**Available records**
»»

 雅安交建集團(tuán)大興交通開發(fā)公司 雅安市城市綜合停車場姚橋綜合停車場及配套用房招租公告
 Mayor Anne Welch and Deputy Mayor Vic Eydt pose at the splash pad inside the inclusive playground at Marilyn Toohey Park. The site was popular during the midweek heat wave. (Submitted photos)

««
»»

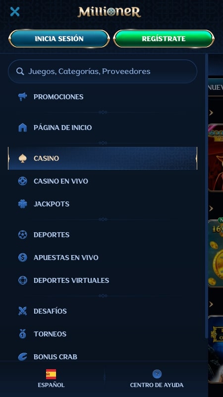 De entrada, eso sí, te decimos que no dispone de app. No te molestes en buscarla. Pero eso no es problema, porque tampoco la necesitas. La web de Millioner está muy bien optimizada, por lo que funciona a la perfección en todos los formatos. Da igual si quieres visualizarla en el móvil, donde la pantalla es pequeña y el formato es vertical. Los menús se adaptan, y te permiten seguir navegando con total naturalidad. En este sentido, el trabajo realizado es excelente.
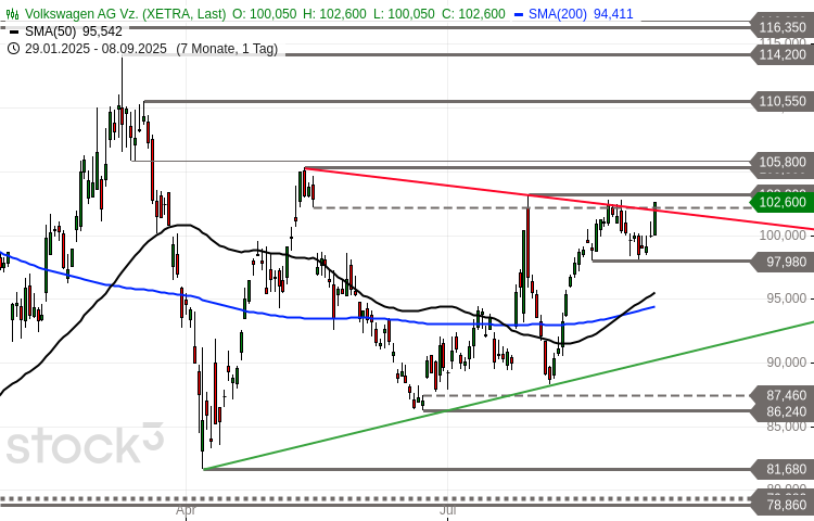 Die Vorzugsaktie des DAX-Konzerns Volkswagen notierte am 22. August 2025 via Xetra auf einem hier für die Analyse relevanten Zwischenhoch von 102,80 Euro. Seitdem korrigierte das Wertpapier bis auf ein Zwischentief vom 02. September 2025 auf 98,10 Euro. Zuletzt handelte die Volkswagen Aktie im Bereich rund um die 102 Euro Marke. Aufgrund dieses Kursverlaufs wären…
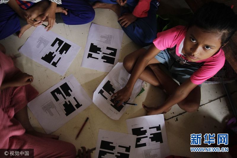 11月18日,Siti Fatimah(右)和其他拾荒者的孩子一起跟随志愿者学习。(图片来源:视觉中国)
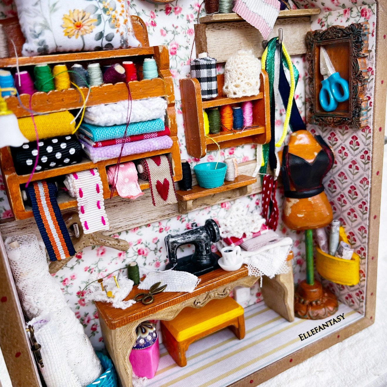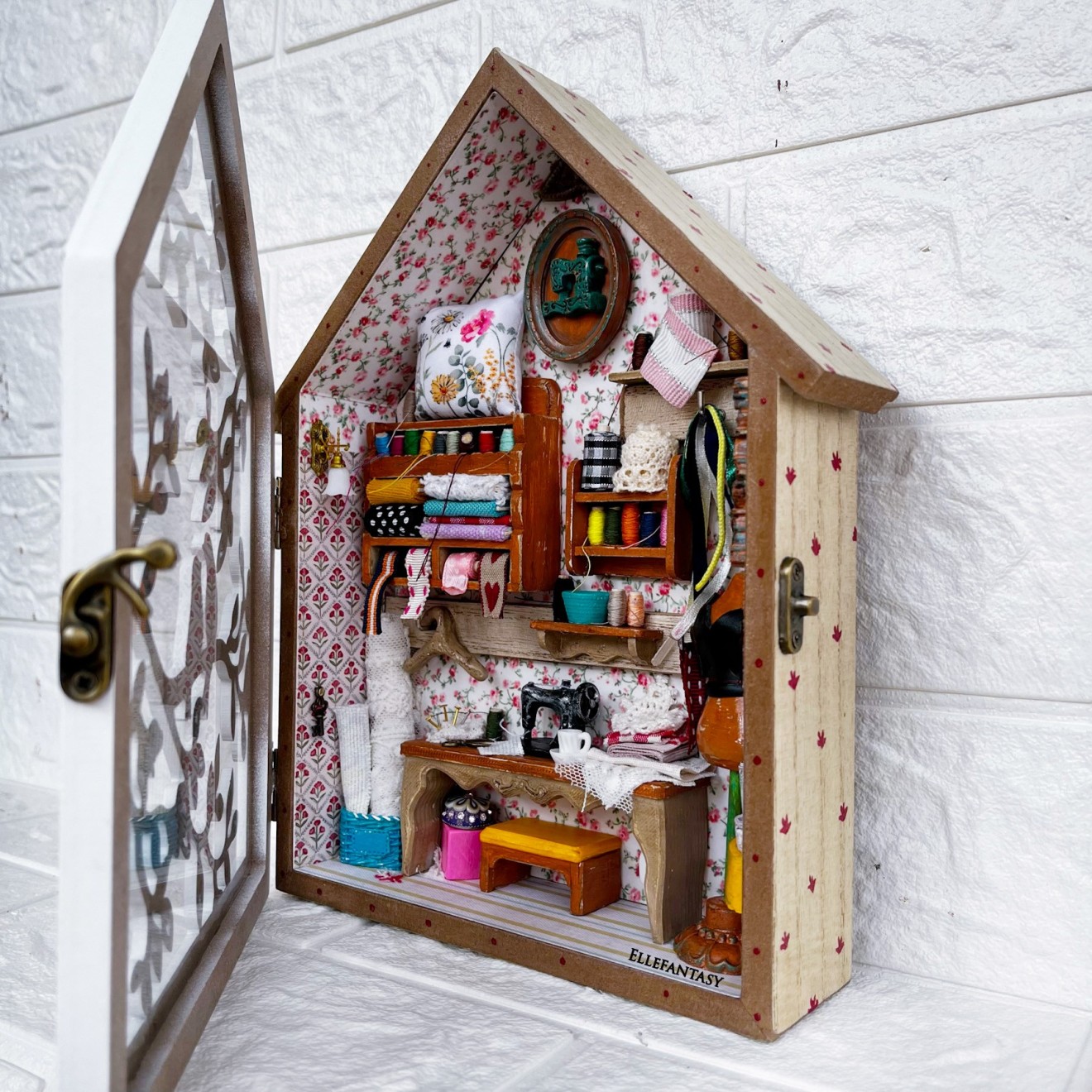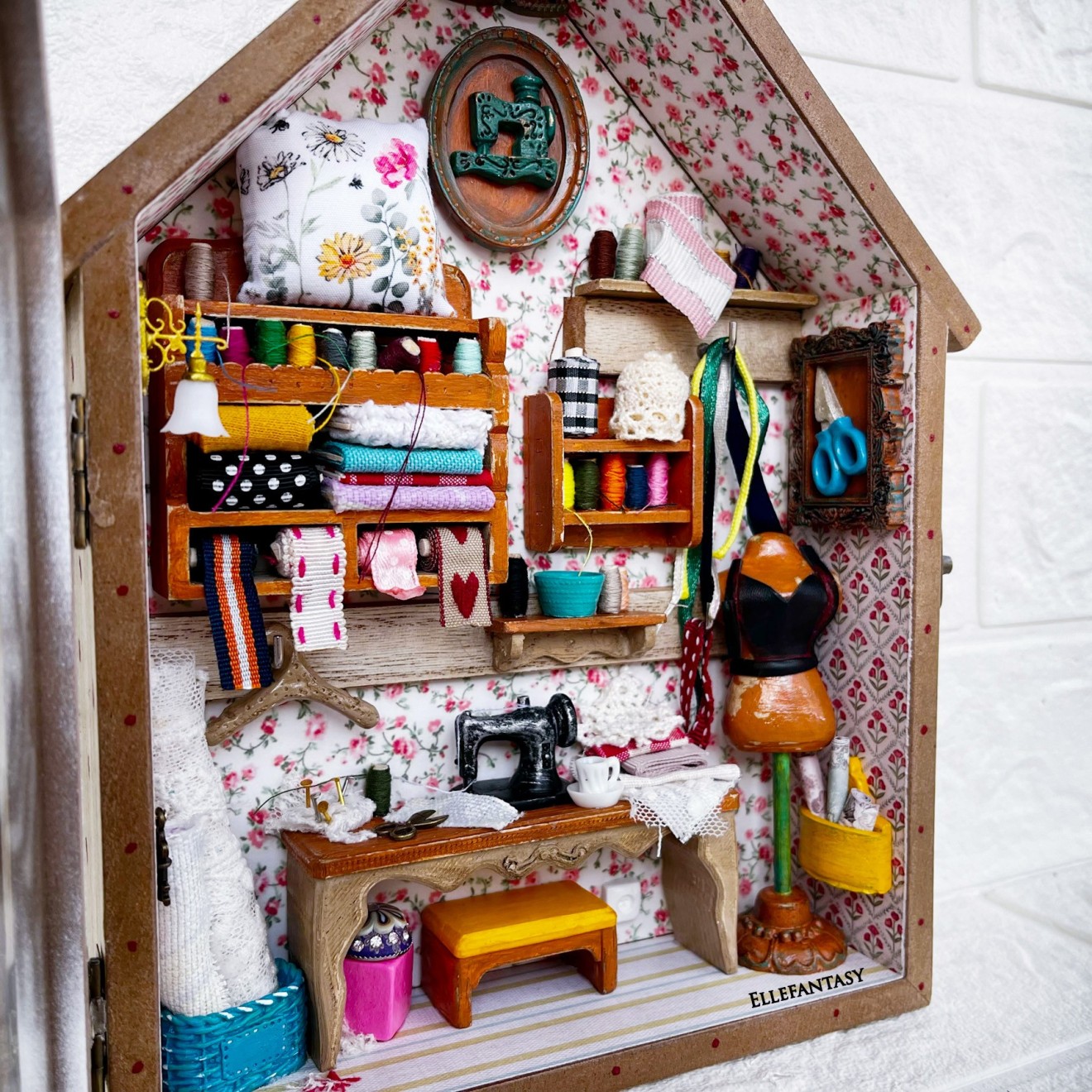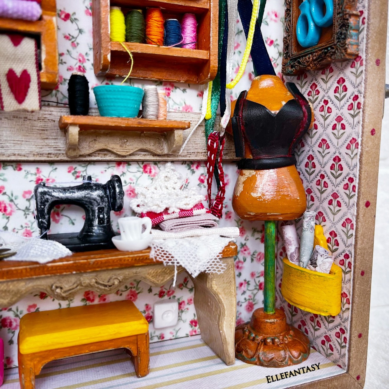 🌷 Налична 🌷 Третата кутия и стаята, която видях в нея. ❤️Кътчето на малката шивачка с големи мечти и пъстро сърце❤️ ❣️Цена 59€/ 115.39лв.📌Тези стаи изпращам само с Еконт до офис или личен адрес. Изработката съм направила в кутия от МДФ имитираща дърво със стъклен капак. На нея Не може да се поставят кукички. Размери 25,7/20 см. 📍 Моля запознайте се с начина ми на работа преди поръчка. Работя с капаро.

««

**Instructions to follow**
Copy out the lines above exactly, beginning at the one that contains "雅安交建集團(tuán)大興" and ending at the one that contains "Mayor Anne Welch".

**Result for this task**
 雅安交建集團(tuán)大興交通開發(fā)公司 雅安市城市綜合停車場姚橋綜合停車場及配套用房招租公告
 Mayor Anne Welch and Deputy Mayor Vic Eydt pose at the splash pad inside the inclusive playground at Marilyn Toohey Park. The site was popular during the midweek heat wave. (Submitted photos)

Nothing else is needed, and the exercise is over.